Set down every entry again word for word, please, but skip the pictures.

(Stored entries)

--------

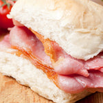 Our back bacon is hand-trimmed, hand-rubbed, and cured to our authentic British recipe. Our speciality bacon is called back-bacon because it is made with pork loin, and is much leaner than American bacon which is made from pork belly.
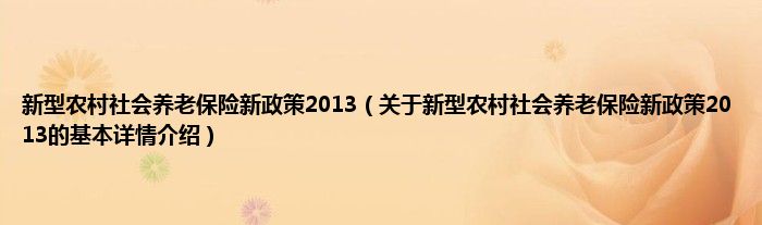 本文关于新型农村社会养老保险新政策2013的基本详情介绍就讲解完毕,希望对大家有所帮助。
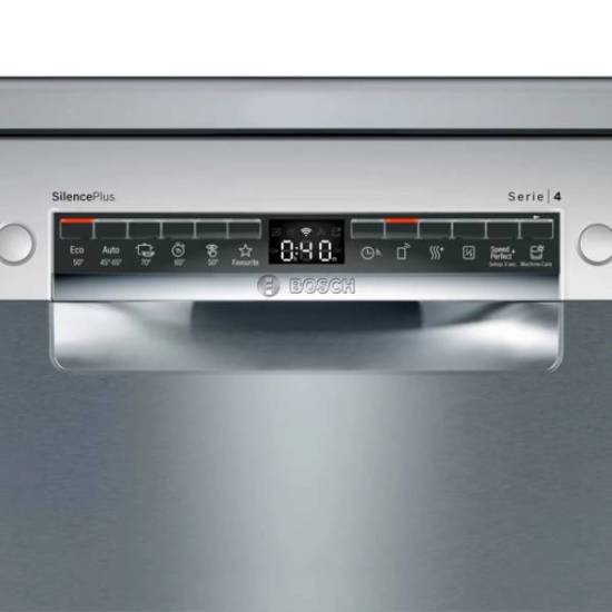 Điều tuyệt vời nhất của máy rửa bát Bosch SMS4HCI48E này là được tích hợp tính năng Home Connect, giúp bạn có thể điều khiển máy rửa bát bằng điện thoại dù ở bất cứ đâu. Đồng thời, máy rửa bát sẽ gửi những thông tin trong quá trình vận hành về điện thoại của bạn, giúp bạn quan sát một cách dễ dàng và thuận tiện.
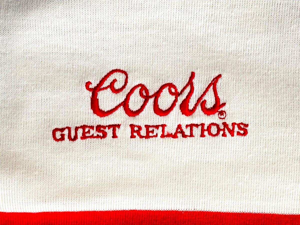 Vtg-COORS Guest Relations Employee Collar Shirt-White-L-Red Striped-Scott Eilers
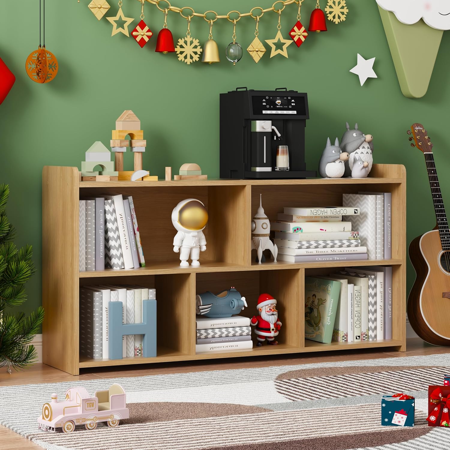 Book Shelf, 5 Cubes Storage Organizer, Open Shelf Wooden Bookcase, Freestanding Log Bookshelf Cube Shelf for Bedroom, Living Room, Home Office
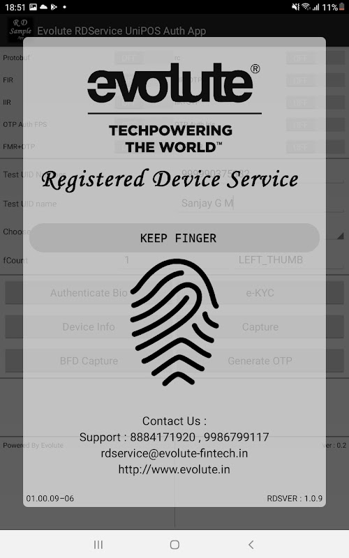 این ثبت خدمات دستگاه (L0) برای دستگاه های در Evolute با اسکنر اثر انگشت برای دستگاه های پلنگ، شاهین، تحت تاثیر قرار دادن، زنبق و IDENTI5 ارائه شده توسط در Evolute سیستم های Pvt آموزشی ویبولیتین این برنامه مورد نیاز است برای استفاده از دستگاه با احراز هویت AADHAAR. این نرم افزار تصویر برداری اثر انگشت عنوان دستورالعمل در هر UIDAI برای Aadhar احراز هویت و eKYC. RD خدمات برای دستگاه های ما را قادر به راه حل خود را و کاربران نهایی به اعتبار دستگاه اثر انگشت خود را با UIDAI با کمک سرور مدیریت ما است. برای ثبت دستگاه اثر انگشت با UIDAI، شما باید نیاز به در اختیار داشتن حداقل یک واحد از دستگاه تکامل باشد. راه اندازی شده توسط نرم افزار و با اتصال دستگاه، خدمات RD باید پروسه های لازم برای ثبت نام از دستگاه خود با UIDAI کامل است. RD خدمات STQC گواهی به عنوان در هر UIDAI ثبت دستگاه مشخصات-V2.0.1 است. دستگاه برای اکثر استفاده از سهولت در حالی که قرار دادن انگشت طراحی شده است. دستگاه ساخته شده است به مقاومت در برابر مقادیر زیادی از شوک حتی سقوط آزاد از عنوان در هر آزمون سقوط. در صورت هر گونه خطا، شما باید پیغام خطا مناسب که با آن شما می توانید میز کمک ما به شرح زیر در هر روز کار در ساعات اداری با توجه به رویکرد داده شود.

--------

RESULT OF THE TASK:
 Our back bacon is hand-trimmed, hand-rubbed, and cured to our authentic British recipe. Our speciality bacon is called back-bacon because it is made with pork loin, and is much leaner than American bacon which is made from pork belly.
 本文关于新型农村社会养老保险新政策2013的基本详情介绍就讲解完毕,希望对大家有所帮助。
 Điều tuyệt vời nhất của máy rửa bát Bosch SMS4HCI48E này là được tích hợp tính năng Home Connect, giúp bạn có thể điều khiển máy rửa bát bằng điện thoại dù ở bất cứ đâu. Đồng thời, máy rửa bát sẽ gửi những thông tin trong quá trình vận hành về điện thoại của bạn, giúp bạn quan sát một cách dễ dàng và thuận tiện.
 Vtg-COORS Guest Relations Employee Collar Shirt-White-L-Red Striped-Scott Eilers
 Book Shelf, 5 Cubes Storage Organizer, Open Shelf Wooden Bookcase, Freestanding Log Bookshelf Cube Shelf for Bedroom, Living Room, Home Office
 این ثبت خدمات دستگاه (L0) برای دستگاه های در Evolute با اسکنر اثر انگشت برای دستگاه های پلنگ، شاهین، تحت تاثیر قرار دادن، زنبق و IDENTI5 ارائه شده توسط در Evolute سیستم های Pvt آموزشی ویبولیتین این برنامه مورد نیاز است برای استفاده از دستگاه با احراز هویت AADHAAR. این نرم افزار تصویر برداری اثر انگشت عنوان دستورالعمل در هر UIDAI برای Aadhar احراز هویت و eKYC. RD خدمات برای دستگاه های ما را قادر به راه حل خود را و کاربران نهایی به اعتبار دستگاه اثر انگشت خود را با UIDAI با کمک سرور مدیریت ما است. برای ثبت دستگاه اثر انگشت با UIDAI، شما باید نیاز به در اختیار داشتن حداقل یک واحد از دستگاه تکامل باشد. راه اندازی شده توسط نرم افزار و با اتصال دستگاه، خدمات RD باید پروسه های لازم برای ثبت نام از دستگاه خود با UIDAI کامل است. RD خدمات STQC گواهی به عنوان در هر UIDAI ثبت دستگاه مشخصات-V2.0.1 است. دستگاه برای اکثر استفاده از سهولت در حالی که قرار دادن انگشت طراحی شده است. دستگاه ساخته شده است به مقاومت در برابر مقادیر زیادی از شوک حتی سقوط آزاد از عنوان در هر آزمون سقوط. در صورت هر گونه خطا، شما باید پیغام خطا مناسب که با آن شما می توانید میز کمک ما به شرح زیر در هر روز کار در ساعات اداری با توجه به رویکرد داده شود.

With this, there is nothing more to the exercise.